目前這在運用BeautifulSoup學習爬蟲,但在取標籤id時遇上問題
我在練習取得台彩中獎號碼的code,在最下方我想取得span的id屬性,並且放到函數中判斷是否為中獎號碼的標籤,但顯示了下面的錯誤訊息
Traceback (most recent call last):
File "lotto.py", line 21, in <module>
if find_id(tag['id']):
File "C:\Users\brian\AppData\Local\Programs\Python\Python38-32\lib\site-packages\bs4\element.py", line 1401, in __getitem__
return self.attrs[key]
KeyError: 'id'
Key值好像有錯誤(Documentation有寫可以字典方式取標籤屬性),想請問這是為什麼,該怎麼解決呢?
以下是我的code
import requests as req
from bs4 import BeautifulSoup
win_id=["Lotto649Control_history_dlQuery_No1_","Lotto649Control_history_dlQuery_No2_","Lotto649Control_history_dlQuery_No3_","Lotto649Control_history_dlQuery_No4_","Lotto649Control_history_dlQuery_No5_","Lotto649Control_history_dlQuery_No6_","Lotto649Control_history_dlQuery_SNo_"]
def find_id(check_id):
global win_id
if(check_id !=None):
for i in range(len(win_id)): #找尋傳入id是否符合中獎id列表
if win_id[i] in check_id:
return True
else:
return False
url="https://www.taiwanlottery.com.tw/lotto/lotto649/history.aspx" #網頁網址
request=req.get(url).text
root=BeautifulSoup(request,"html.parser") #大樂透網站的html檔案經過BeautifulSoup分析後存入root
tags=root.find_all("span")
with open("lotto_number.txt", mode="w", encoding="utf-8") as lotto_name:
for tag in tags: #tags代表所有span標籤 tag代表個別每一個
if find_id(tag['id']):
lotto_name.write(tag['id']) #把tag["id"]帶入check_id
謝謝!
取得id值你該用 tag.get('id')
另....為什麼要這樣寫?
for i in range(len(win_id)): #找尋傳入id是否符合中獎id列表
if win_id[i] in check_id:
return True
else:
return False
這樣寫不是更好?兩行搞定,NONE也能檢查的出來,只要傳回check_id在不在win_id裡
def find_id(check_id):
global win_id
return (check_id in win_id)
我覺得連這函數都不用,直接在MAIN段處理即可
url="https://www.taiwanlottery.com.tw/lotto/lotto649/history.aspx" #網頁網址
request=req.get(url).text
root=BeautifulSoup(request,"html.parser") #大樂透網站的html檔案經過BeautifulSoup分析後存入root
tags=root.find_all("span")
with open("lotto_number.txt", mode="w", encoding="utf-8") as lotto_name:
for tag in tags: #tags代表所有span標籤 tag代表個別每一個
if tag.get('id') in win_id:
lotto_name.write(tag.get('id')) #把tag["id"]帶入check_id
只有寫id進檔案裡?不懂.........你不寫值嗎? tag.get_text()

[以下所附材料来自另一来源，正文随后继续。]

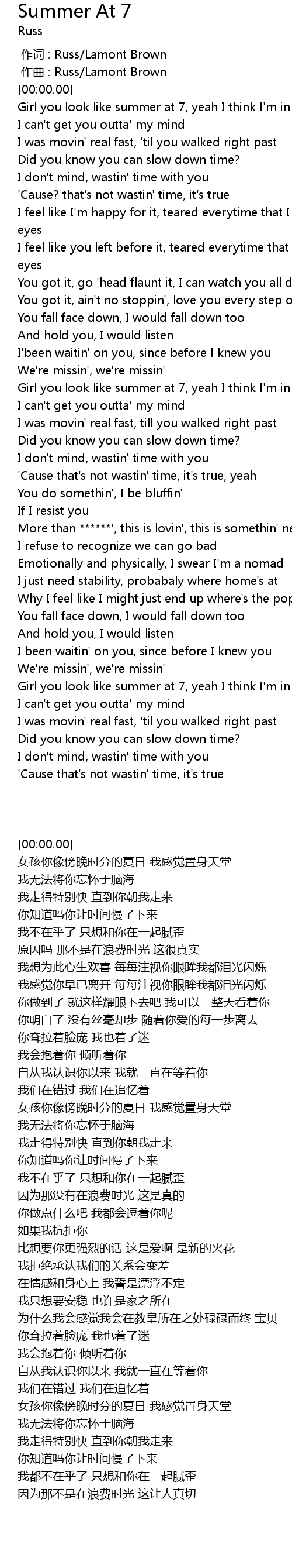 | [00:00.00] | 作词 : Russ/Lamont Brown |

或者...............你直接用lambda來找中獎的SPAN
wintags = root.findAll("span", {"id" : lambda L: L and L.startswith('Lotto649Control_history_dlQuery_SNo')})
#找出id開頭是Lotto649Control_history_dlQuery_SNo的SPAN
#底下就不用再CHECK IN了!!!
with open("lotto_number.txt", mode="w", encoding="utf-8") as lotto_name:
for tag in tags: #tags代表所有span標籤 tag代表個別每一個
lotto_name.write(tag.get('id'))
#把tag["id"]帶入check_id ......
#寫ID進檔案?你應該是要把中獎號碼寫回檔案才對吧
lotto_name.write(tag.get_text())
SORRY我發現大樂透網站太多組歷史期別獎號了.........
所以你要拉到最上層的近一期的中獎彩號table才對哦!
FirstTable = root.find("table",{"class": "table_org"})[0]
wintags = FirstTable.findAll("span", {"id" : lambda L: L and L.startswith('Lotto649Control_history_dlQuery_SNo')})